- [THE PROBLEM] Among the lines below, a stretch begins at the one with "Vùng Alsace là" and ends at the one with "pH Rejuvenating Shampoo". Repeat that stretch exactly, ends included.

PROVIDED ENTRIES Start Marker

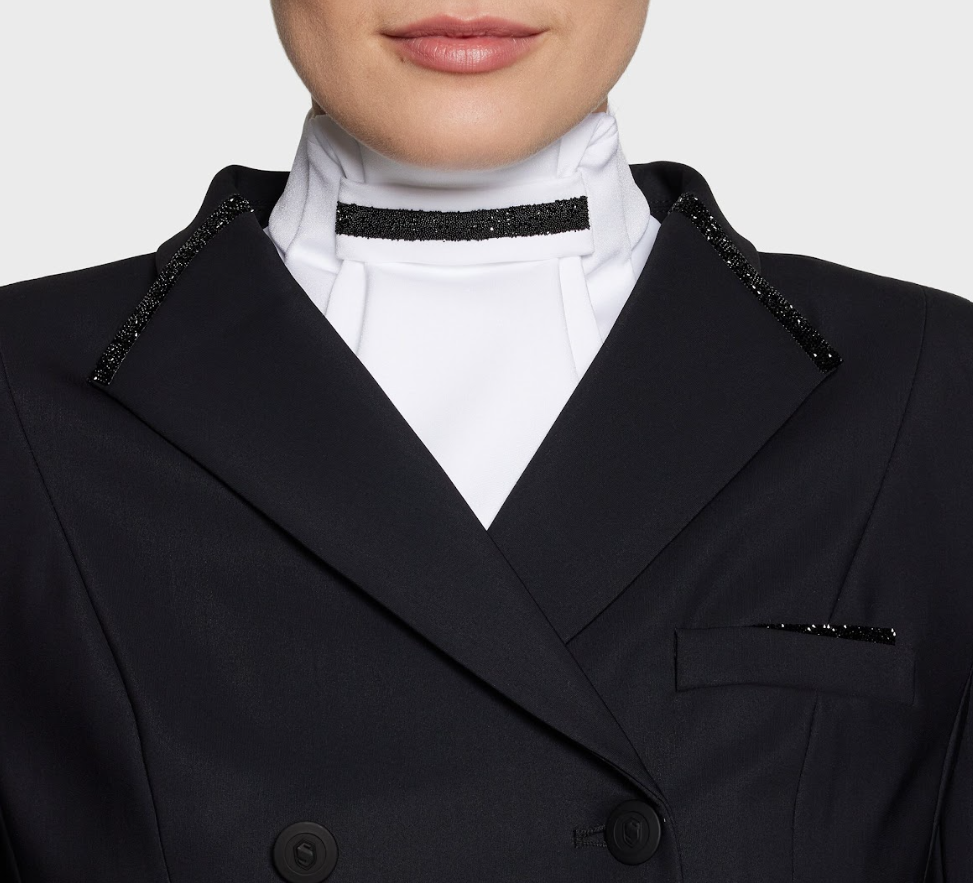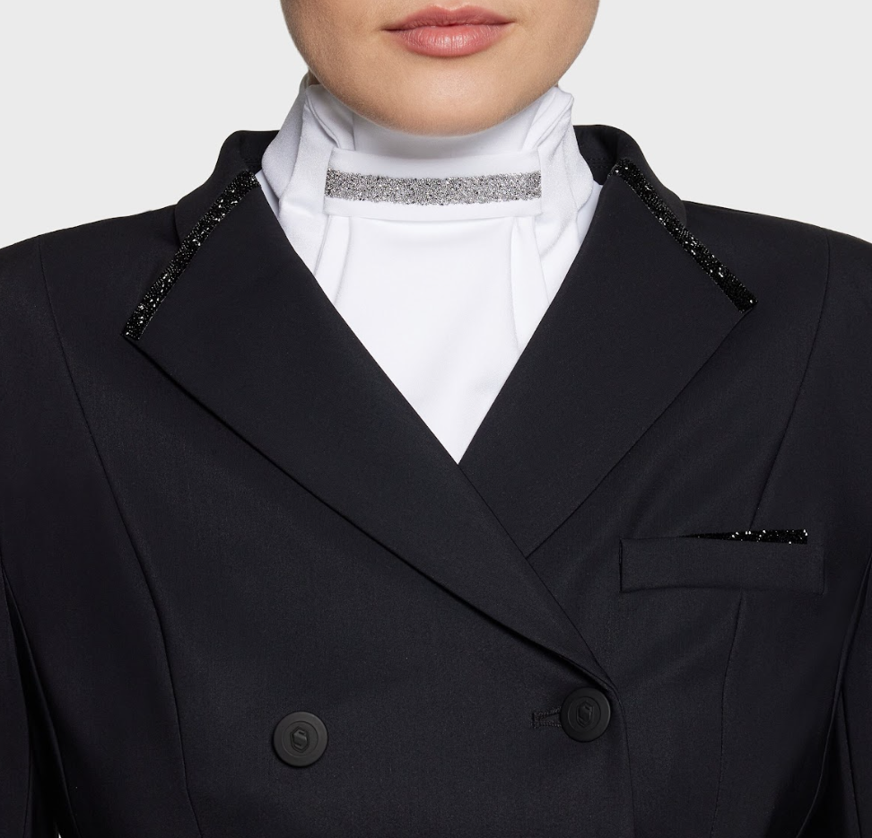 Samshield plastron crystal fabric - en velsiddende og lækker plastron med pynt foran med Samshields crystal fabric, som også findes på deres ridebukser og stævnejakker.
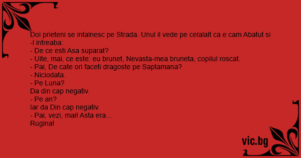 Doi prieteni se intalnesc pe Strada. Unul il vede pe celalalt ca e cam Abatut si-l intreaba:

PROVIDED ENTRIES End Marker
PROVIDED ENTRIES Start Marker

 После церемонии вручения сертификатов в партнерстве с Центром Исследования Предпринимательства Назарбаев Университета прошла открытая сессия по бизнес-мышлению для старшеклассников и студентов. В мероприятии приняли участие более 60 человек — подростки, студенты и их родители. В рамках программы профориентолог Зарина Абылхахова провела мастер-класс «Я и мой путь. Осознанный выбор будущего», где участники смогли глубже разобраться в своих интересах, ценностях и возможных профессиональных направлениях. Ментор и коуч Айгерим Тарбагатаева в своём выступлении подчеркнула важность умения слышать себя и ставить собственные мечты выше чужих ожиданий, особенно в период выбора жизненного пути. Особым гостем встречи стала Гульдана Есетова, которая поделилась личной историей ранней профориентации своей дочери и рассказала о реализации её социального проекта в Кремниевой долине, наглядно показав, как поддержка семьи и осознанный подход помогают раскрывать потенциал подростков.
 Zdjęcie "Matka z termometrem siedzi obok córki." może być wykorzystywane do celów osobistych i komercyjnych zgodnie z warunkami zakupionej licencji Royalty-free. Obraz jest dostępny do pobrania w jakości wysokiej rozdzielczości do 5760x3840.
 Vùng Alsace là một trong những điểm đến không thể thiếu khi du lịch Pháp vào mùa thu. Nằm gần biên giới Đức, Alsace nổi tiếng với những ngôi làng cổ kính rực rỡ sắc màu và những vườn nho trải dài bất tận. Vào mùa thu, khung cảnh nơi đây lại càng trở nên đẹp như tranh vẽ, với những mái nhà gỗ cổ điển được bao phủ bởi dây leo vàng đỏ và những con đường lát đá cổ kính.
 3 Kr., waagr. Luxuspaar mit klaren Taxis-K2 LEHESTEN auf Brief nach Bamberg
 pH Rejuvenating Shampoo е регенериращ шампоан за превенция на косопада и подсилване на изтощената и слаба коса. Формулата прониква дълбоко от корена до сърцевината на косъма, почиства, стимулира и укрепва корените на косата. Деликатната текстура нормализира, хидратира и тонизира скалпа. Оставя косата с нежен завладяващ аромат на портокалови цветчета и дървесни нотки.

PROVIDED ENTRIES End Marker

- [SOLUTION TO THIS TASK]
 Vùng Alsace là một trong những điểm đến không thể thiếu khi du lịch Pháp vào mùa thu. Nằm gần biên giới Đức, Alsace nổi tiếng với những ngôi làng cổ kính rực rỡ sắc màu và những vườn nho trải dài bất tận. Vào mùa thu, khung cảnh nơi đây lại càng trở nên đẹp như tranh vẽ, với những mái nhà gỗ cổ điển được bao phủ bởi dây leo vàng đỏ và những con đường lát đá cổ kính.
 3 Kr., waagr. Luxuspaar mit klaren Taxis-K2 LEHESTEN auf Brief nach Bamberg
 pH Rejuvenating Shampoo е регенериращ шампоан за превенция на косопада и подсилване на изтощената и слаба коса. Формулата прониква дълбоко от корена до сърцевината на косъма, почиства, стимулира и укрепва корените на косата. Деликатната текстура нормализира, хидратира и тонизира скалпа. Оставя косата с нежен завладяващ аромат на портокалови цветчета и дървесни нотки.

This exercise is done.